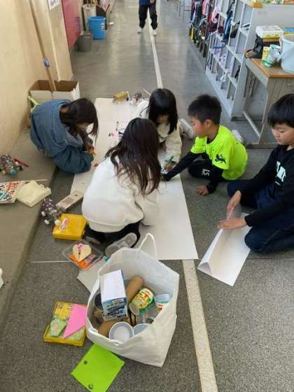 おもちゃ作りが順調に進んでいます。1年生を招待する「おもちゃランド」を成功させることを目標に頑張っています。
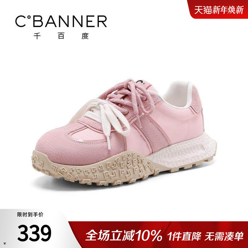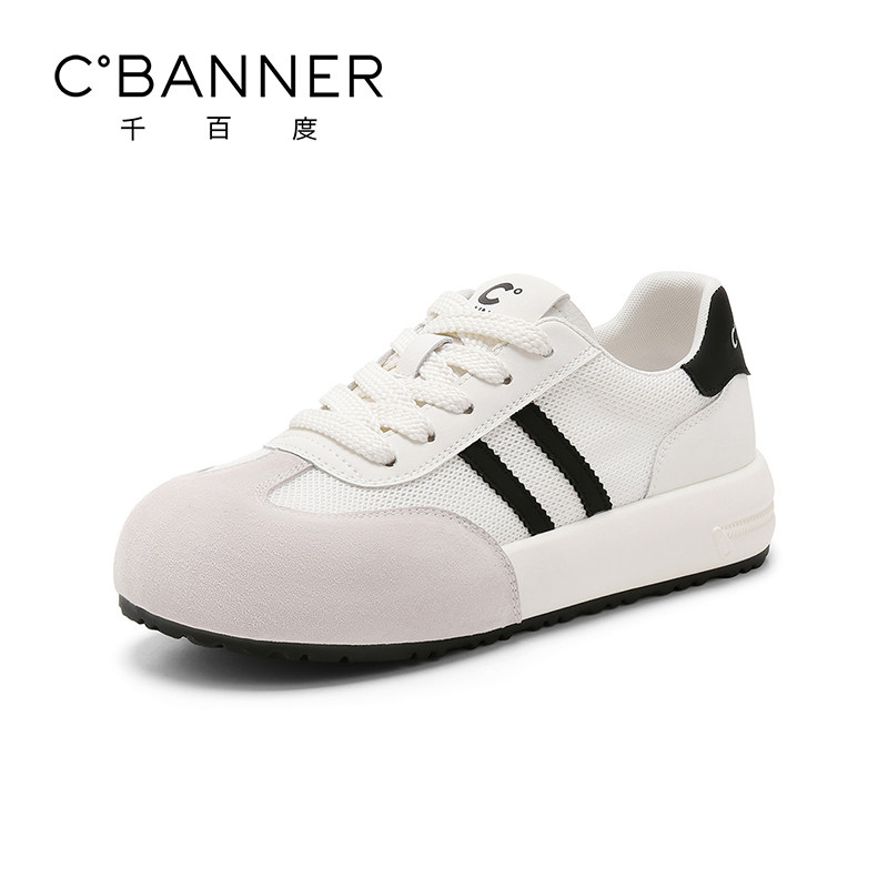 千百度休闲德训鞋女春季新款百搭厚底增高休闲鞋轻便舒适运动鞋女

* * *

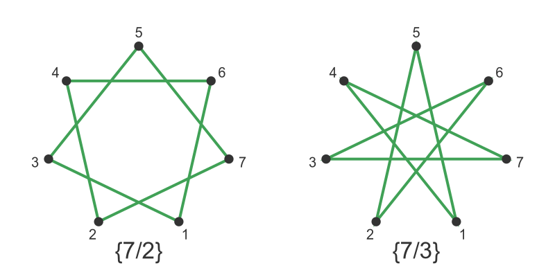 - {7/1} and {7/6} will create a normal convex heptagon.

- **Task details**
In the records above, find the line with "おもちゃ作りが順調に進んでい" and the line with "千百度休闲德训鞋女春季新款百搭厚底增高休闲鞋轻便舒适运动鞋女"; please transcribe exactly those two lines and all lines between them, omitting any picture.

- **Task response**
 おもちゃ作りが順調に進んでいます。1年生を招待する「おもちゃランド」を成功させることを目標に頑張っています。
 千百度休闲德训鞋女春季新款百搭厚底增高休闲鞋轻便舒适运动鞋女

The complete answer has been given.